- _REQUIRED ACTION_
Below is a set of records, and all of them should be retyped exactly, minus the pictures.

- _EXTRACTED INFORMATION_
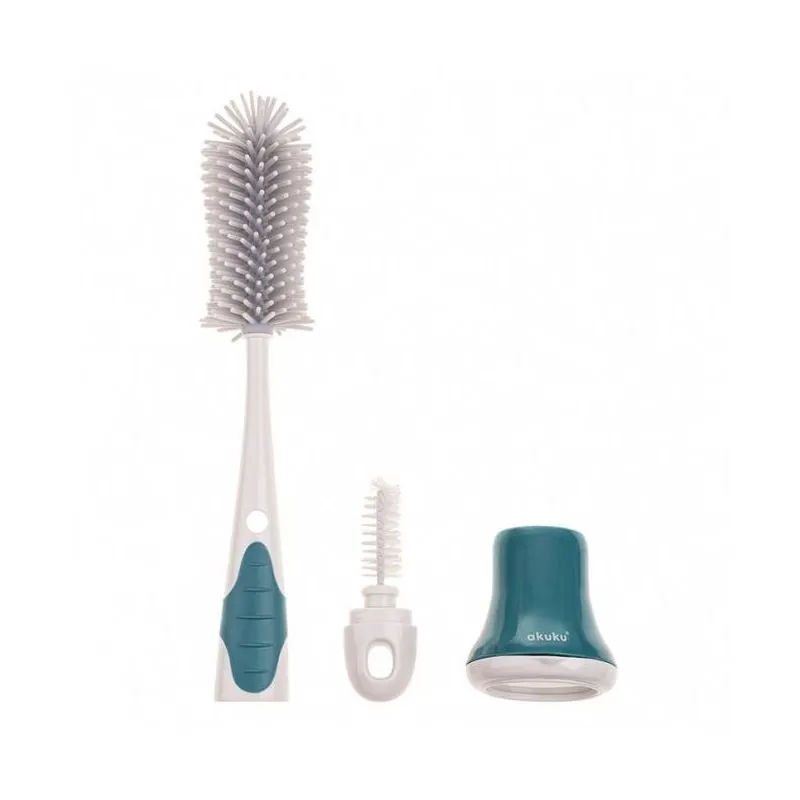 Akuku pudelīšu, krūzīšu un knupīšu silikona birste ar birstīti, pelēks/tirkīzs, A0511
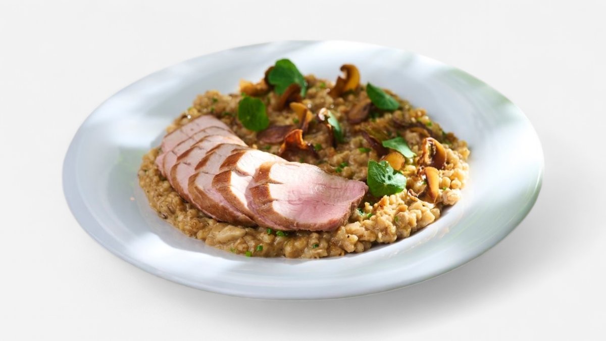 Grilovaná bravčová panenka, jablkovo-cibuľový jus, horčicový med, krupoto s pečeným cesnakom a lesnými hubami
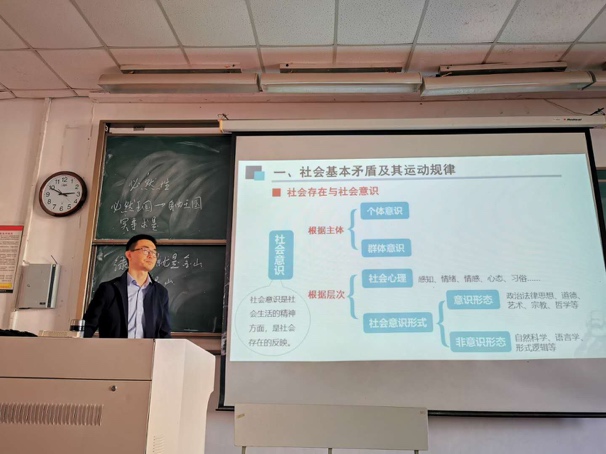 张晓老师就《马克思主义基本原理概论》教材第三章第一节内容开设公开课,重点围绕“社会存在与社会意识”主题展开授课。在课堂上,张老师深入浅出,以准确的表达、清晰的逻辑、生动的案例,为同学们介绍了相关原理,引导学生积极思考、讨论。课堂氛围活跃、有序,取得了理想的教学效果。
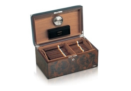 Realizzata in noce è dotata di divisorio interno per contenere i sigari anche di differenti misure. Questa scatola porta sigari in legno pregiatissimo è un oggetto per veri intenditori, ha al suo interno un deumidificatore e idrometro per garantire l’ideale conservazione del sigaro e mantenere inalterato l’aroma.
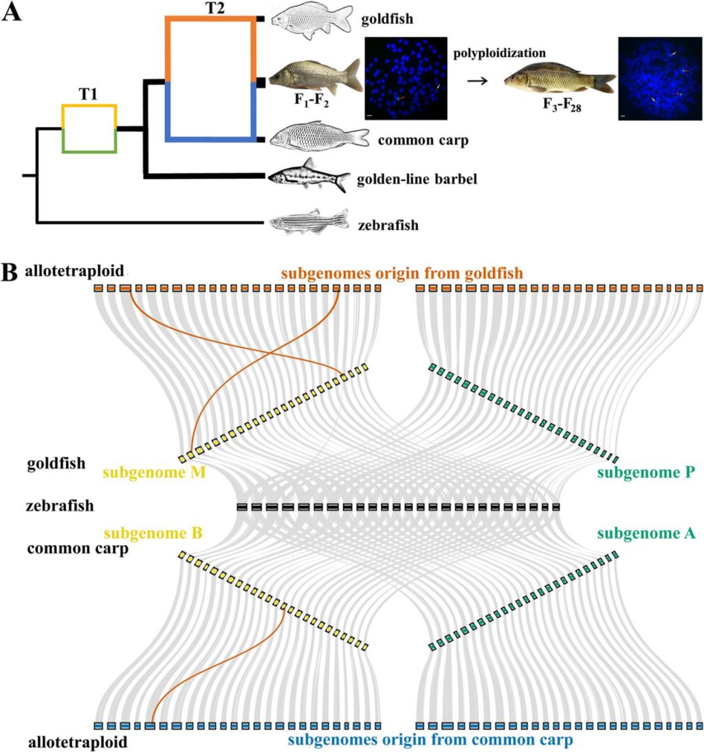 远缘杂交形成可育品系过程中基因组结构特性和基因表达特性是非常值得系统研究的内容。对人工创制的异源四倍体鱼的基因组等生物学特性进行研究,在鱼类育种及探索鱼类演化规律等方面具有重要意义。
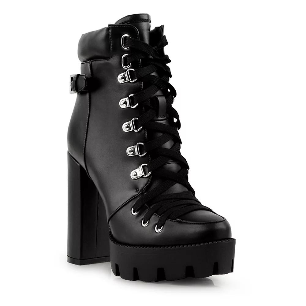 Add a stylish edge to your looks with these London Rag Willow women's combat boots.Click this FOOTWEAR GUIDE to find the perfect fit and more! Add a stylish edge to your looks with these London Rag Willow women's combat boots. Click this FOOTWEAR GUIDE to find the perfect fit and more! SHOE FEATURES Buckle detail Block heel and platform for added height Lugged outsoleSHOE CONSTRUCTION Polyurethane upper, lining and midsole Synthetic outsoleSHOE DETAILS Pointed toe Lace-up closure Padded footbed 4.75-in. heel 4.5-in. shaft 11.5-in. circumference Size: 10. Color: Black. Gender: female. Age Group: adult.

- _TASK RESULT_
 Akuku pudelīšu, krūzīšu un knupīšu silikona birste ar birstīti, pelēks/tirkīzs, A0511
 Grilovaná bravčová panenka, jablkovo-cibuľový jus, horčicový med, krupoto s pečeným cesnakom a lesnými hubami
 张晓老师就《马克思主义基本原理概论》教材第三章第一节内容开设公开课,重点围绕“社会存在与社会意识”主题展开授课。在课堂上,张老师深入浅出,以准确的表达、清晰的逻辑、生动的案例,为同学们介绍了相关原理,引导学生积极思考、讨论。课堂氛围活跃、有序,取得了理想的教学效果。
 Realizzata in noce è dotata di divisorio interno per contenere i sigari anche di differenti misure. Questa scatola porta sigari in legno pregiatissimo è un oggetto per veri intenditori, ha al suo interno un deumidificatore e idrometro per garantire l’ideale conservazione del sigaro e mantenere inalterato l’aroma.
 远缘杂交形成可育品系过程中基因组结构特性和基因表达特性是非常值得系统研究的内容。对人工创制的异源四倍体鱼的基因组等生物学特性进行研究,在鱼类育种及探索鱼类演化规律等方面具有重要意义。
 Add a stylish edge to your looks with these London Rag Willow women's combat boots.Click this FOOTWEAR GUIDE to find the perfect fit and more! Add a stylish edge to your looks with these London Rag Willow women's combat boots. Click this FOOTWEAR GUIDE to find the perfect fit and more! SHOE FEATURES Buckle detail Block heel and platform for added height Lugged outsoleSHOE CONSTRUCTION Polyurethane upper, lining and midsole Synthetic outsoleSHOE DETAILS Pointed toe Lace-up closure Padded footbed 4.75-in. heel 4.5-in. shaft 11.5-in. circumference Size: 10. Color: Black. Gender: female. Age Group: adult.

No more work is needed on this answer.